Our internal use of OAuth for SSO is necessary in part due to legacy concerns. For most of our history, Heroku's Aspen and Bamboo stacks served customer applications out of the *.heroku.com domain, the same domain we use ourselves for all public-facing Heroku properties like www.heroku.com and dashboard.heroku.com. This significantly complicates our use of cookie-based authentication, as discussed in . While we have retired Aspen and disabled the creation of new Bamboo applications, existing Bamboo apps continue to pose cookie-stuffing concerns and curtail our use of domain-wide cookies for any sensitive information.
This brings us to our first debatable deviation from the spec: pre-approval. A normal OAuth flow requires the customer be prompted to approve or deny the grant to an OAuth consumer. All Heroku properties are whitelisted to suppress this prompt, and implicitly grant. Additions to the list are tightly controlled, and strictly limited to our own properties. The rationale is that asking a customer to approve each individual property is a bit silly, since there is no third party.
When addons completes the OAuth dance, the refresh token is immediately discarded. The access token is then saved in the _heroku_addons_session cookie. The payload is encrypted with AES-256-CBC, random IV. The ciphertext is then HMAC'd with SHA256 for tamper protection. Secrets are held only by the addons app itself. Also present in the payload is a timestamp, telling addons to expire the cookie in six hours. All interactions between addons and our main API server are authenticated using that access token. For example, if you use addons.heroku.com to add Redis To Go or New Relic to your app, that results in addons.heroku.com decrypting your session cookie (after verification of the HMAC tag), extracting the OAuth access token, and making a backpost to api.heroku.com to execute the change. We use this same "save token in encrypted cookie" approach across all Heroku properties that require API access.

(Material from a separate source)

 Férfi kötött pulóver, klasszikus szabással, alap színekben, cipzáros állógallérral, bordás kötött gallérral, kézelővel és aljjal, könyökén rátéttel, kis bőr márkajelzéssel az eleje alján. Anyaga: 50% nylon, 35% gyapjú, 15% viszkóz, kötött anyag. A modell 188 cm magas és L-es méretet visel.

Yo dawg, I heard you like oauth...
It's worth noting that identity itself also follows this access-token-in-session-cookie approach. Identity itself is "just" an OAuth consumer, albeit one that takes passwords. Due to the complexities of OAuth, we've split it off from the "real" service provider - api.heroku.com. Identity does not retain refresh or access tokens in a server-side database - those are held only by API. It does have two super-powers, though. Identity can manage OAuth grants and revocations on behalf of a user, but all such management requires the user's OAuth access token (again: that lives in the user's session cookie). It can also request and receive access tokens with an exceptionally long lifespan - up to 30 days. This extended lifespan allows the user to remain logged in for an extended period without the need to store or retain a never-expiring refresh token.
The other SSO
As you can imagine, all this introduces a single-sign-OUT problem. If I log in to dashboard, then visit addons, I now have two encrypted cookies with OAuth tokens in them, plus a third for Identity itself. If I click "logout" on dashboard, my expectation as a user is that this logs me out of all Heroku properties. For the most part, that's true. Regardless of what site you're logged in to, clicking logout results in the revocation of both your cookie based session and its OAuth token on id.heroku.com.

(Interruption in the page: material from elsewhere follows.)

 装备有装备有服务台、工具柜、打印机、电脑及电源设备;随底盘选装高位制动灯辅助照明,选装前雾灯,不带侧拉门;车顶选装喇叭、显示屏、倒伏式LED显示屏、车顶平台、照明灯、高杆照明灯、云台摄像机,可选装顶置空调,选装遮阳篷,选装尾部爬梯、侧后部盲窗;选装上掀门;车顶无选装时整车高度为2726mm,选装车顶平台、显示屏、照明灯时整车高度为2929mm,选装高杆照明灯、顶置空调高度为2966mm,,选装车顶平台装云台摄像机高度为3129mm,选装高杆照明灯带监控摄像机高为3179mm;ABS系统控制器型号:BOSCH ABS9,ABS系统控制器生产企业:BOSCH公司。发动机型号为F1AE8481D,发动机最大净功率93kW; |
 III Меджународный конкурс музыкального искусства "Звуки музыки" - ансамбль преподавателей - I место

This is our second spec deviation: on logout, Identity has API revoke the OAuth access tokens of all Heroku properties that were issued for that browser. This revocation happens server-side, which prevents any long redirect chains that the browser must follow (e.g., google.com's redirect to youtube.com on login/logout). The encrypted access tokens of course remains present in the session cookies of addons and other properties. The next time addons receives a request with this now-stale cookie that requires communicating with API, API will 403 the revoked token, which addons interprets as a logout. The customer is then thrown back into an OAuth dance with identity, and must retry the request. Currently, this "revoke the access tokens on logout" behavior is limited to Herkou properties, and is not publicly available.

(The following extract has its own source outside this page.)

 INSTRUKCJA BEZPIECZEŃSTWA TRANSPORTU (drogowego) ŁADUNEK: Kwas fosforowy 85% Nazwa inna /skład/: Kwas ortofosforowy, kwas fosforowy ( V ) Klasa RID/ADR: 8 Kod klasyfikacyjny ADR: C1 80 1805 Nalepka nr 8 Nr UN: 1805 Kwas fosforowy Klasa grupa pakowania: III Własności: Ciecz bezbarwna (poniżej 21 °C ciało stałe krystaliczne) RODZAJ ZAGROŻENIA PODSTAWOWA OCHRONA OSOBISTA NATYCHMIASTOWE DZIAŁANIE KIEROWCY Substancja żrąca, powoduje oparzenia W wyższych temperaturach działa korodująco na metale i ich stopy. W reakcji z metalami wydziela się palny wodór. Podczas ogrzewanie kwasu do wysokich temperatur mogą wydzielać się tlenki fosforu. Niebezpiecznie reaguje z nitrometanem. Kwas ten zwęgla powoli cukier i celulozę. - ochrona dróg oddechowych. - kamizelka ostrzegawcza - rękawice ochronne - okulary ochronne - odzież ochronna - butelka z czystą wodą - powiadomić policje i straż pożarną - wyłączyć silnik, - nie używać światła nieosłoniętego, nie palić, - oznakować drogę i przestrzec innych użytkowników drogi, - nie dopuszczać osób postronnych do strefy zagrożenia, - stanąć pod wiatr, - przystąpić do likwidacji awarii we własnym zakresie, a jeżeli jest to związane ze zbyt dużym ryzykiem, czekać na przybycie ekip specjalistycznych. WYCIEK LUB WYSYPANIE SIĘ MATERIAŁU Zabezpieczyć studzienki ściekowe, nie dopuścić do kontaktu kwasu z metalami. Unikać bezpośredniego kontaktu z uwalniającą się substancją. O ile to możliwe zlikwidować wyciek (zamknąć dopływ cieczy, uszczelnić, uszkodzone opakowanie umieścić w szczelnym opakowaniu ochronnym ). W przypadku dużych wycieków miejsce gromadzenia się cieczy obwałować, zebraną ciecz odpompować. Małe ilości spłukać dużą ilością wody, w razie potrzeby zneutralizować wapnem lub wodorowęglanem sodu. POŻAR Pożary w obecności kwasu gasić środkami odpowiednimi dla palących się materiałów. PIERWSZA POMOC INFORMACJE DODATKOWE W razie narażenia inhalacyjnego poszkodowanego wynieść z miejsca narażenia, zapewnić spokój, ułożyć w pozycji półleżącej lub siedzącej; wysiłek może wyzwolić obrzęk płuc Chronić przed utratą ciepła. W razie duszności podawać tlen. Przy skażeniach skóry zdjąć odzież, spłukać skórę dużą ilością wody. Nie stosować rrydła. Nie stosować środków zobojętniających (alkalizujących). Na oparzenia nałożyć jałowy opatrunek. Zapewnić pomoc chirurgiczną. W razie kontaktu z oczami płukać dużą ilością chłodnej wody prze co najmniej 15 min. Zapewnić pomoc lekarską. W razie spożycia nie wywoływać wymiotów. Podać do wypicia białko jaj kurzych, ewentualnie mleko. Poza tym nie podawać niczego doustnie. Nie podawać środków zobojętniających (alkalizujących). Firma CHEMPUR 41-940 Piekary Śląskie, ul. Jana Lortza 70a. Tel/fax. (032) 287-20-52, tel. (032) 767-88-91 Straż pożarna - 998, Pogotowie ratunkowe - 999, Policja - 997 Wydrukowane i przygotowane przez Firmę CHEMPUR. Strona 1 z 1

However, replaying an old/stolen cookie against an addons URL that does not perform a backpost to API, you still appear to be logged in. The most interesting case for addons is that this can be done to get a list of your applications. What's going on? For performance reasons, addons.heroku.com uses memcache to cache the list of applications owned by a user. The network round-trip to memcache is much faster than the roundtrip to API, plus a call to API's database. However, that means changes on API aren't immediately reflected on addons. Because the goal of the cache is to avoid an API call, that means not every URL on addons does a call to API, and addons doesn't properly realize the cookie has a dead access token until it actually makes an API call. The result is that it's possible to appear still logged in to addons, even after you log out.
Here's a hint
Having to retry a request is a horrible user experience. To minimize that, we give properties a "hint" as to whether a user has logged out. On login, identity issues a second cookie, scoped to *.heroku.com, called
heroku_session_nonce. As the name indicates it contains a random nonce. The session nonce is reset on logout. All Heroku properties, when completing their OAuth dance, observe the current
heroku_session_nonce value and save it in their private session cookie. On all subsequent authenticated requests, the private nonce is compared with the domain-global
heroku_session_nonce cookie. A mismatch is treated as an authentication failure, and the browser is redirected to id.heroku.com to do a fresh oauth dance. The use of a domain-global cookie to indicate logout allows us to avoid any additional database roundtrips, and lets us avoid forcing a backpost to API on every request to every property.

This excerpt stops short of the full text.